A conventional machine learning (ML) framework works on a centralized model where large amounts of data from various sources are gathered and collectively stored in the high capacity cloud for analysis. Here, training a machine learning model generally involves computationally expensive iterative algorithms running on high-performance computing platforms supported on the cloud. The proliferation of smart connected devices as edges of the Internet of Things, however, present unique opportunities for real-time edge analytics while ensuring low-latency and data privacy. As on-device intelligence is paramount, it has become necessary to provide a computing framework for training and updating ML models on streaming data and provide real-time analytics with limited hardware resources and a tight power budget on these edge devices. To build such a framework, we are designing fast, distributed, memory- efficient and communication negligible training algorithms for ML models by integrating ideas from fields of machine learning, parallel programming, distributed computing, and hardware design. The overarching goal is to accelerate training on the edge for which we propose a decentralized training framework of ML models with high scalability on a distributed network of computing devices and build corresponding ML hardware accelerators for these devices.
Research Area: Software Authentication for IoT
Internet-enabled embedded devices are deployed daily in the form of the Internet of Things (IoT). Many of these devices have little to no regard for security. This has the potential for disastrous consequences. Our research aims to provide lightweight security mechanisms through hardware provided introspection. Specific goals are to minimize both hardware cost and overhead impact on the software. The end goal is to help, while being as transparent as possible, provide a higher level of security for embedded system software.

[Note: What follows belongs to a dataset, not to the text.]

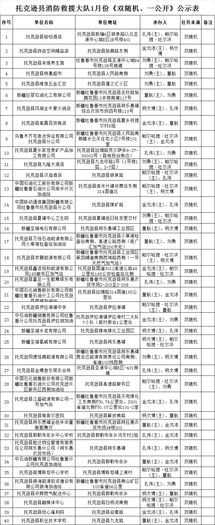 托克逊县消防救援大队1月份《双随机、一公开》公示表

Research Area: Autonomous Algorithms
This research focuses on heuristic-based pathfinding algorithm optimization. As the pathfinding problem gets significantly complex, designing heuristic functions for the pathfinding algorithm becomes more difficult. Our approach is to design and optimize a highly accurate heuristic function via evolution for pathfinding algorithm to search for an optimal path with the minimal amount of resources.
Syed Ali Hasnain
Research Area: Photonics Hardware Accelerator for Reservoir Computing
The research focuses on designing Photonic Hardware Accelerators for Reservoir Computing (RC), which is a subset of Recurrent Neural Networks (RNN), which doesn’t require training of hidden layers. Training an RNN is a time consuming and computationally intensive task, whereas its implementation in digital hardware is even more challenging due to all the non-linear nodes involved. Our approach focuses on the implementation of RC using delayed feedback models in an optoelectronic architecture.
Research Area: ML Architecture
Training deep learning networks involves continuous weight updates across the various layers of the deep network while using a backpropagation algorithm (BP). This results in expensive memory/computation overheads during training. Consequently, most deep learning accelerators today employ pre-trained weights and focus only on improving the design of the inference phase. The recent trend is to build a complete deep learning accelerator by incorporating the training module. Such efforts require an ultra-fast chip architecture for executing the BP algorithm. Resistive memory (ReRAM) has created a buzz to this end, due to its low power nature and analog in-memory computing capability. There have been several recent attempts to design ReRAM based deep learning accelerator. However, ReRAM cells are susceptible to thermal and process variations which leads to computing faults. In this project, we aim to design a reliability aware ReRAM crossbar for efficient deep learning accelerator architecture.